I distinctly remember from my childhood that my mother used to be a very cheerful and light-hearted person. She used to joke with us and even tease us. She used to share urdu couplets (poetry), jokes and instances with us from her childhood. She had many stories and incidents to share with us and we used to listen to her with much interest. Even till today, after it has been over 5 years that she left us to meet her Creator, we remember many of the things that she shared with us.
I do not remember her always acting like a grown up person and trying to maintain the discipline in the house. Even despite that we respected her and there was a lot of good governance in the house. She taught us not by lecturing around and scolding but by just being herself.
I can remember the dignified way she dressed herself up, the way she walked and carried herself. I could never have guessed her age if someone would ask me then. She was smiling and cheerful and very child like with her children.
The same thing is happening to me.
Yesterday night when my elder son said, "Mom! Everyday you tell us stories or read out to us. Today we are going to read stories to you."
I said, "okay", and then my elder son started to read.
The younger son is quite particular about grammar and the proper way of pronouncing words. He interrupted a few times and pointed out some mistakes. I decided to make him realize that first of all it is not polite to interrupt in the middle of something and secondly, it is sometimes just okay to ignore minor mistakes in others.
When my elder son finished reading it was the younger one's turn.
I decided not to point out his mistakes and signalled my elder one too about this. This was over.
Then I offered to read one story to them.
What I did was to make mistakes deliberately and that made them hilarious. This was something they had not expected.
I pronounced the names in the story backwards and used the opposites or completely different words in place of the words in the story. For example instead of saying the line as, "He rode on his horse and left."I said, "He rode on his cat and left. " This made them laugh so much that we really enjoyed that bedtime story session. I could not resist the temptation to put a lot of humor and wit in the process of reading the story to them.
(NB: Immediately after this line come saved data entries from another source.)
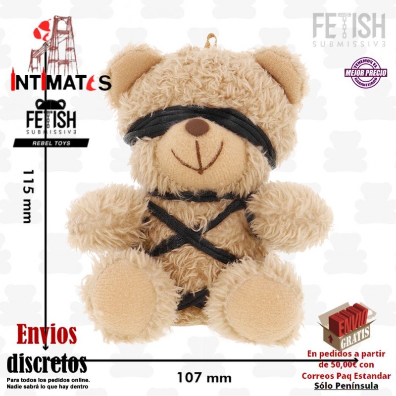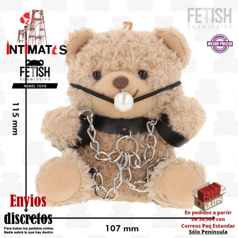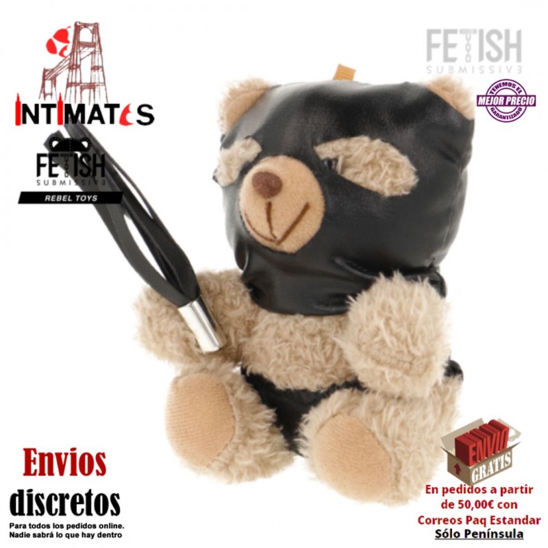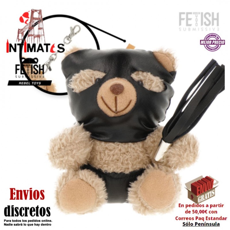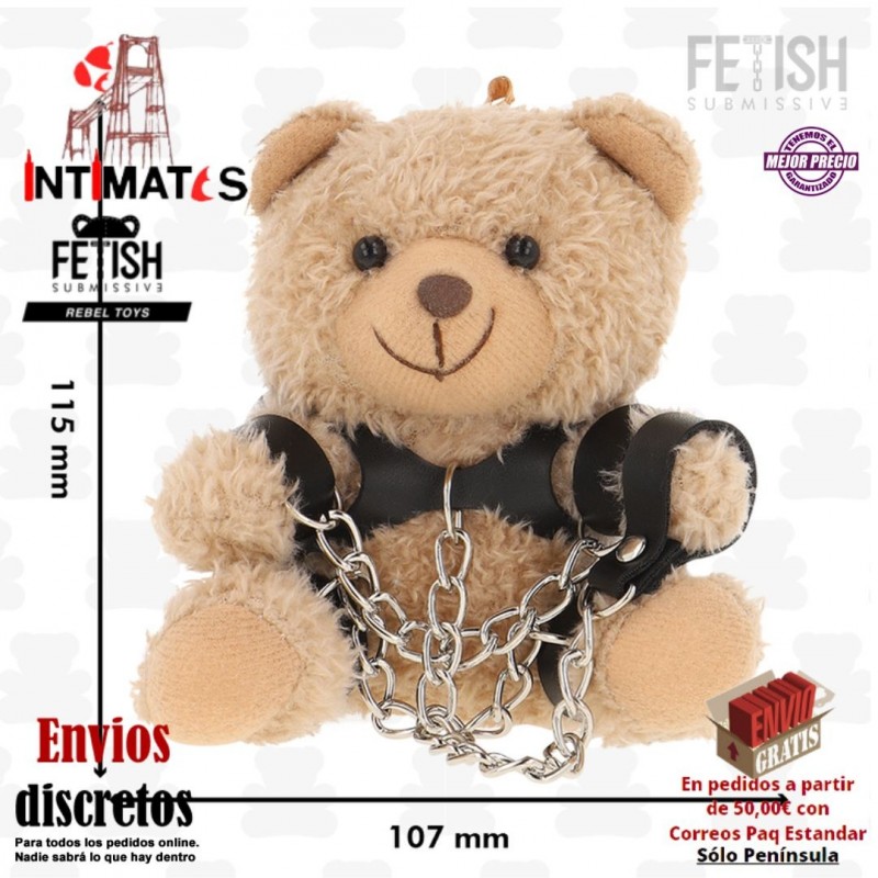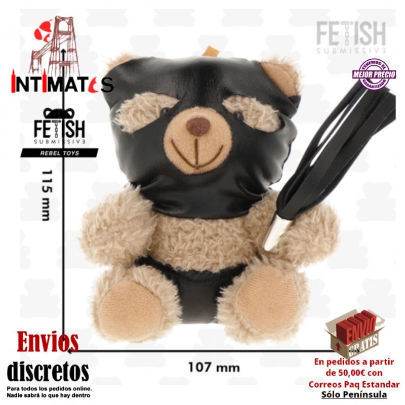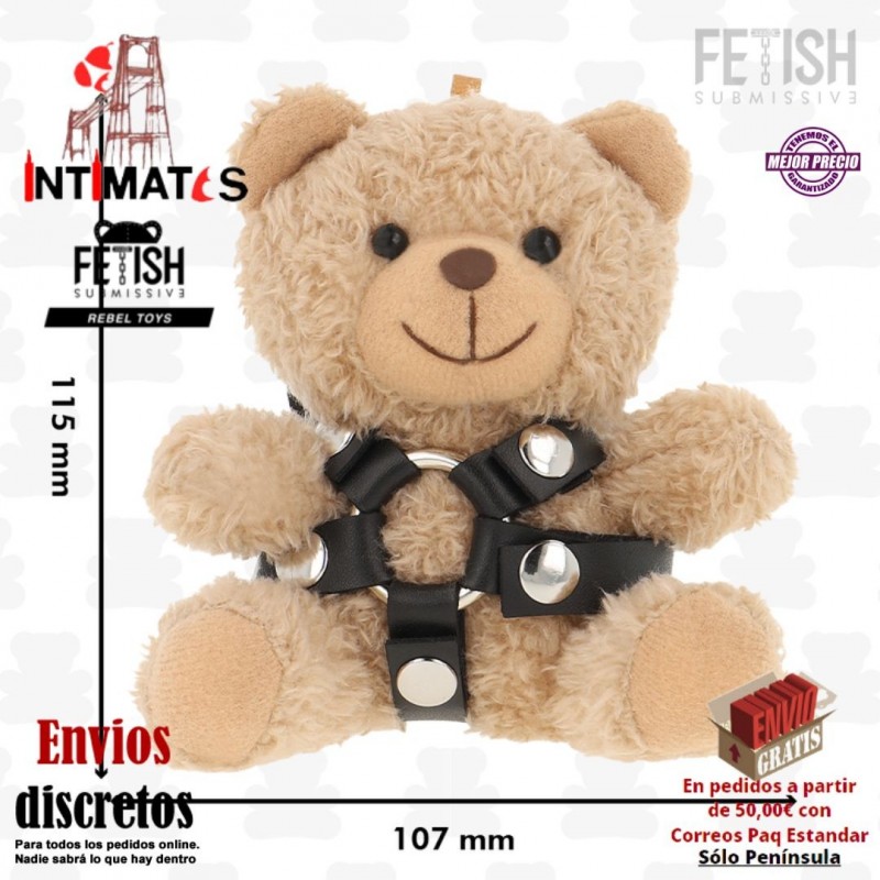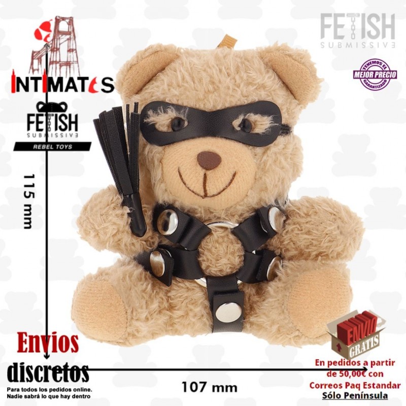 Un osito de peluche con un estilo atrevido y original, que incorpora un colgador para que puedas llevarlo contigo en tu bolso, mochila o accesorio favorito.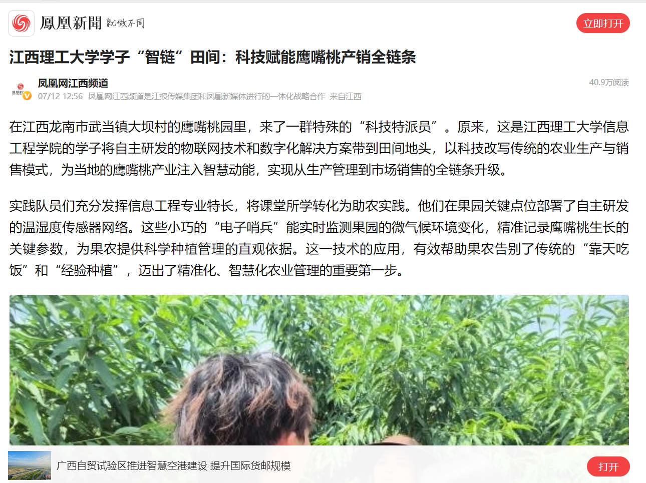 通过此次社会实践活动,不仅为龙南鹰嘴桃产业插上了数字化翅膀,有效促进了农民增收,更探索出一条可复制、可推广的“高校智慧助农”新路径,充分彰显了新时代青年学子学以致用、服务社会、贡献乡村的责任担当。(文/胡宇芩、刘晨曦)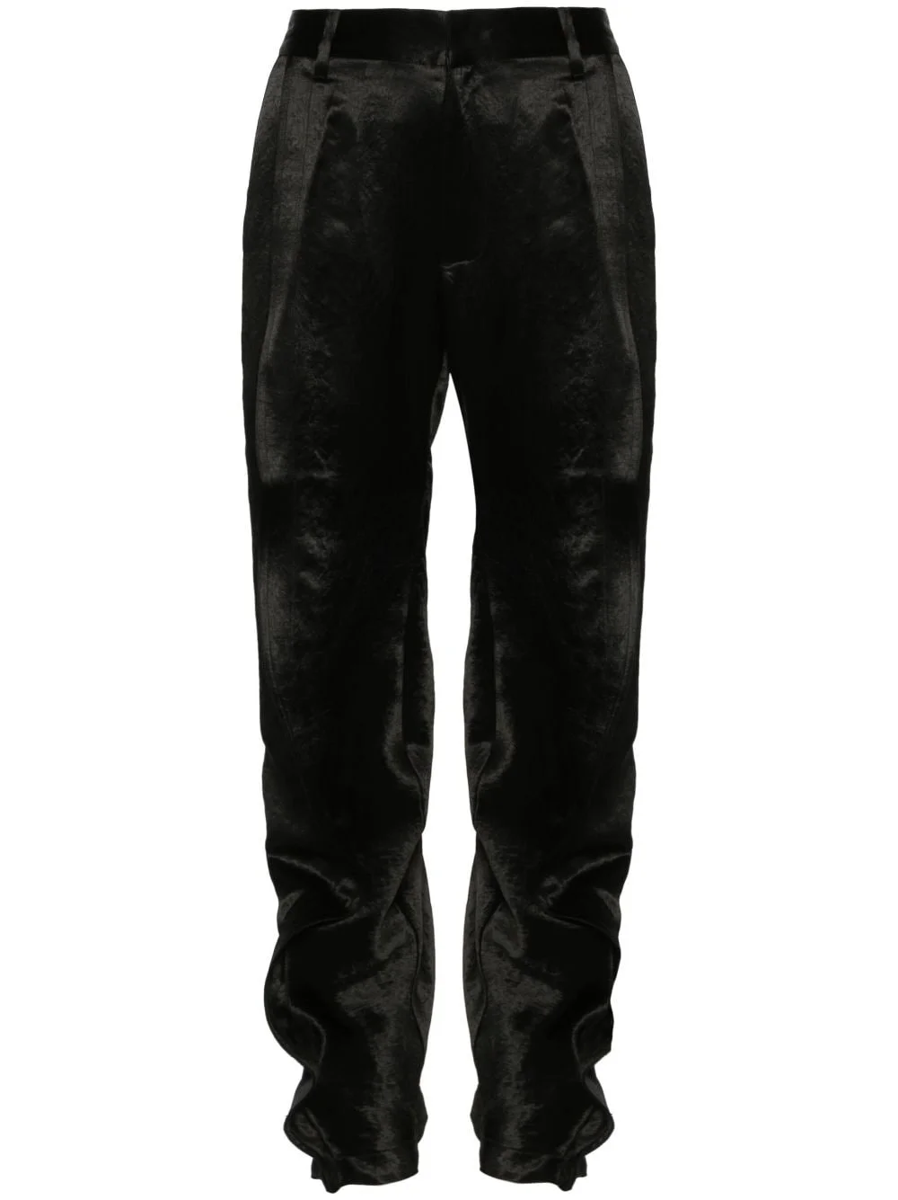 ruffled satin trousers Highlights - Black - Satin finish - Seam detailing - Belt loops - Concealed front fastening - Tapered leg - Two side slit pockets - Straight hem - Long length Imported Composition Lining: Viscose 100% Outer: Acetate 100% SIZE & FIT Model measurements Height 5 ft 10 in(1.77 m) Bust/Chest 32.28 in(82 cm) Hips 35.03 in(89 cm) Waist 25.19 in(64 cm) FittingInformation Designed for a tapered fit, these trousers allow for a close fit at the waist and a loose unrestricted fit over the leg with a closer fit towards the ankle Made from a midweight non-stretch fabric This piece fits true to size – take your usual size

This served many purposes. First, it was a good experience with my children, second, I wanted to put the message across that it is sometimes good to ignore the mistakes and accept the person as he is. Thirdly, we must find ways to put a little humor and wit in our day to day lives to start and end it on a happy note. As mothers we must never be miserly in showing our love to our children wholeheartedly. Kissing, hugging, joking, teasing and becoming like them is what they enjoy most.
Age is nowhere to be seen. If I want to relate to my soon to be a teenager boy, and want him to be really frank with me and share his feelings with me without any fear or hesitation, then, I must be approachable to him. If I always try to "act" my age then I would distance him from myself and he would not feel comfortable with me.
What's in an age? It is only the way you feel that determines how old or young you are. Nothing can stop you from being what you internally are. You like to play? Then play. You like to run? Then run. You like to eat ice-cream. Always do. You like to cuddle into your son's lap. Go ahead. You like to ask him to share his chocolate with you. Ask him.
A mother is not just someone older and serious looking rather she is a friend and a companion all along for her children.
What's your age is not a relevant question because it limits you to act in a certain way to a certain level. If you try to act according to your biological age and prentend looking responsible and serious you may not end up looking natural. The way you behave never determines your actual biological age. It only shows how you have learnt to behave over the years. What we have inside our hearts is our actual age. We all are sometimes the most helpless, innocent and loving creatures from inside but we try to wear a facade of position, relationships and authority to show that we have grown up.
It is not our age but a cage that we confine ourselves in.
This is one of the reasons why I am not keen into celebrating birthdays. The person puts a cut out of her biological age on the cake and blow it too, but in reality she is nowhere close to that age bracket. Can we not enjoy being that child like person in our daily life?
She is much younger, more beautiful and more enthusiastic than what that figure shows about her!